The origin of STM contrast differences for inequivalent S atoms on a Mo(100) surface

The theoretical electron scattering quantum chemistry (ESQC) method is used to explain the origin of contrast in scanning tunneling microscopy (STM) images of the S-c(2 x 4) structure on Mo(100). We show that the calculated images are very sensitive to the presence of surface reconstructions, and the theory can predict their effect on the STM images. The unit cell of the S-c(2 x 4) structure contains three S atoms in four-fold coordination sites. However, the STM images of this surface show only one maximum per unit cell at the position of one of the S atoms, while over the other two atoms the tunneling probability is a minimum.

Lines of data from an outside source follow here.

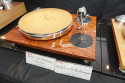 また、同社が取り扱う独アナログプレーヤーブランド「Acoustic Solid」の製品群も紹介。参考出品として紹介されていたのが「Solid 113 Bubinga」で、アーム付属のセットモデルが424,000円、アームレスのモデルが360,000円となる見込み。このほか、デモシステムには「Solid Royal」や「Solid Machine」などの高級機も用意され、実際に音出しを行っていた。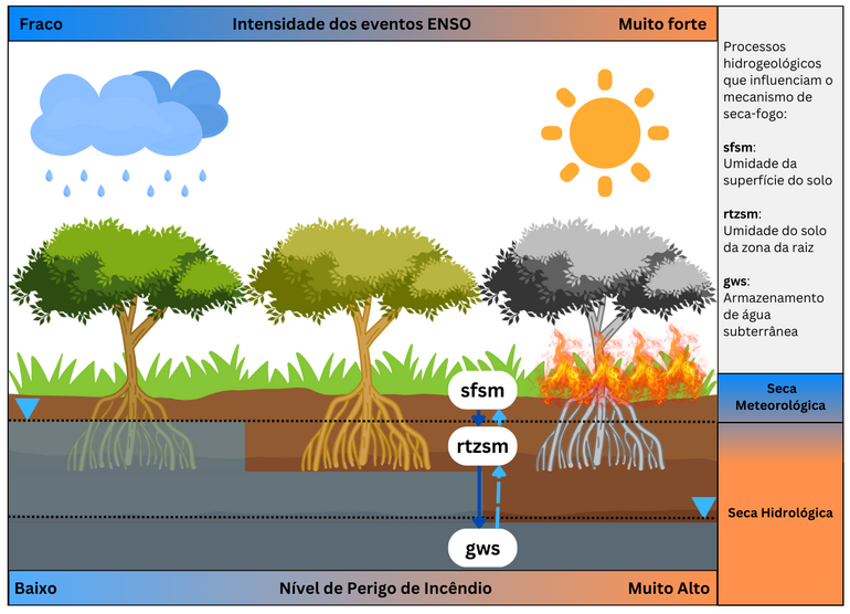 Para a caracterização da seca hidrológica, os pesquisadores utilizaram informações de satélite da missão GRACE, sigla em inglês para Gravity Recovery and Climate Experiment, que permite detectar o armazenamento de água terrestre integrando umidade do solo, água superficial e a subterrânea e cruzaram com dados sobre a gravidade da seca em cada local analisado. Com isso, conseguiram identificar áreas com menor concentração de umidade no nordeste da bacia amazônica, além de uma diminuição da umidade em direção ao leste. As maiores áreas queimadas coincidiram com regiões que enfrentaram seca durante eventos extremos do El Niño, com um aumento entre 2015 e 2016. À época, o fenômeno foi considerado um dos três mais intensos já registrados (juntamente com 1982/83 e 1997/98). O de 2023/2024 está entre os cinco mais fortes, segundo a Organização Meteorológica Mundial (WMO).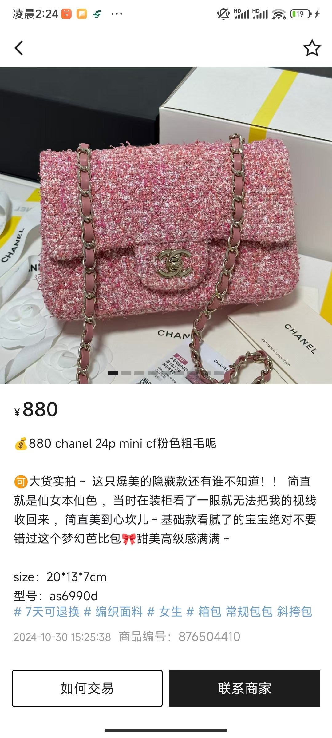 Chanel 24P mini CF Pink Tumbled Leather Tote Bag, size:20*13*7cm Model:as6990d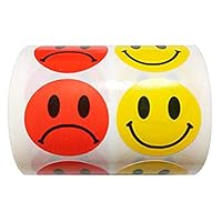45 Wootile Yellow Smiley Face Happy Stickers and Red Sad Frowny Face Stickers for Teachers 1 Inch Round Circle Dots 500 Labels Per Roll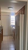 Kitchen equipped with a new microwave, stove and modern cabinets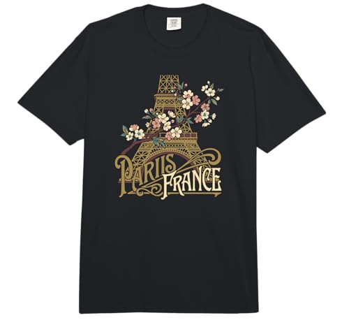 Vintage Paris France Eiffel Tower Cherry Blossoms Comfort Colors Adult Heavyweight T-Shirt
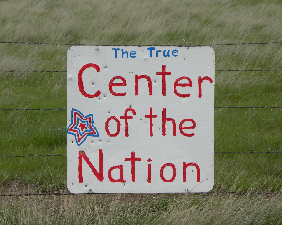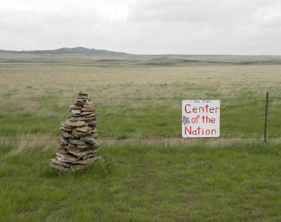 A mound of stones (often mistaken for the center monument) and a sign at the true geographical center location.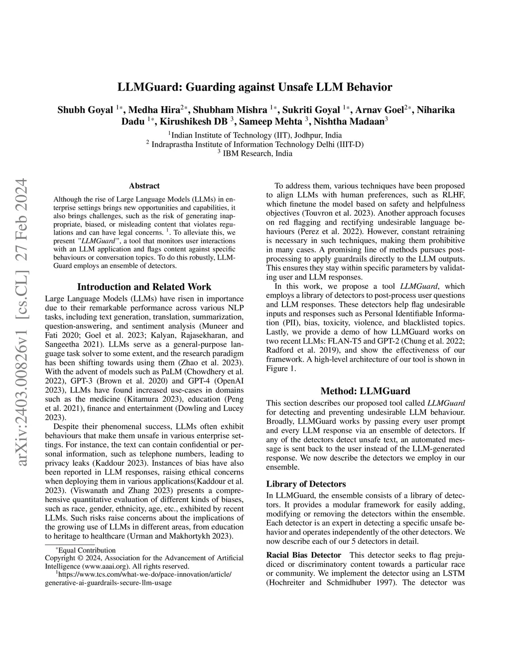 Although the rise of Large Language Models (LLMs) in enterprise settings brings new opportunities and capabilities, it also brings challenges, such as the risk of generating inappropriate, biased, or misleading content that violates regulations and can have legal concerns. To alleviate this, we present "LLMGuard", a tool that monitors user interactions with an LLM application and flags content against specific behaviours or conversation topics. To do this robustly, LLMGuard employs an ensemble of detectors.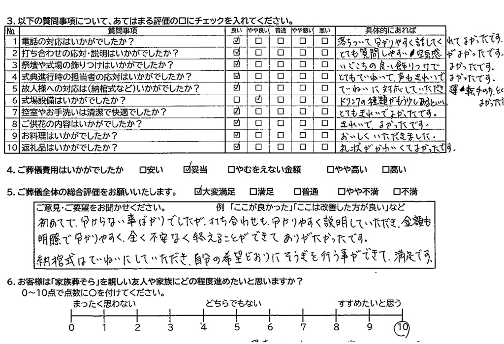 初めてでわからない事ばかりでしたが、打ち合わせも分かりやすく説明していただき、金額も明瞭でわかりやすく全く不安なく終えることができてありがたかったです。納棺式は丁寧にしていただき、自分の希望通りに葬儀を行うことができて満足です。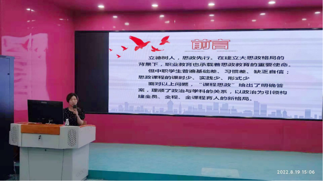 教务科副科长薛方在《中职“课程思政”建设与实践》的培训课中,让新入职教师看到不一样课程思政的思维,即思政教育不应该只是思想理论的灌输,更多的需要通过现实生活中的案例将文化自信、工匠精神、民族传承等思政元素与我们的课程融入一起,在潜移默化中形成课程思政的建设;文科教研室包亚伶在《如何建设一门中职“精品课”》培训课中,通过理论讲解与优质精品课视频展示,阐述精品课制作的要素以及贯穿的设计理念等。
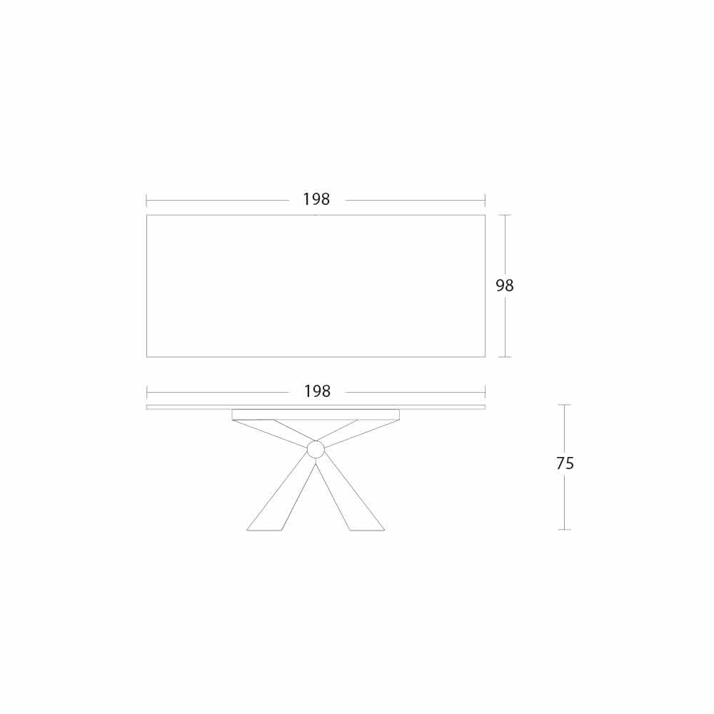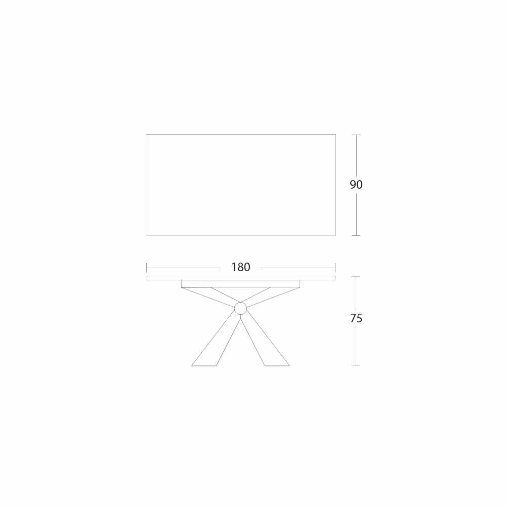 Tavolo da pranzo in ceramica laminam e base con nodo in metallo made in Italy.

This result is surprising in view of the small 0.22 Angstrom height difference between these S atoms found in a recent LEED study. Our theoretical analysis revealed that: (i) the experimental STM images can be reproduced using the atomic coordinates of the reconstructed Mo surface determined by LEED, but they cannot when the bulk termination coordinates are used instead; (ii) the reduction of tunneling probability over two of the S atoms is due to destructive interference between channels involving orbitals at sulfur atoms in adjacent sites, and (iii) these channels involve states that include a bonding combination of d Mo orbitals and S 3p(z) orbitals. The anti-phase arrangement of the 3p(z) orbitals in adjacent S atoms explains the destructive interference effect and is related to their repulsive interaction.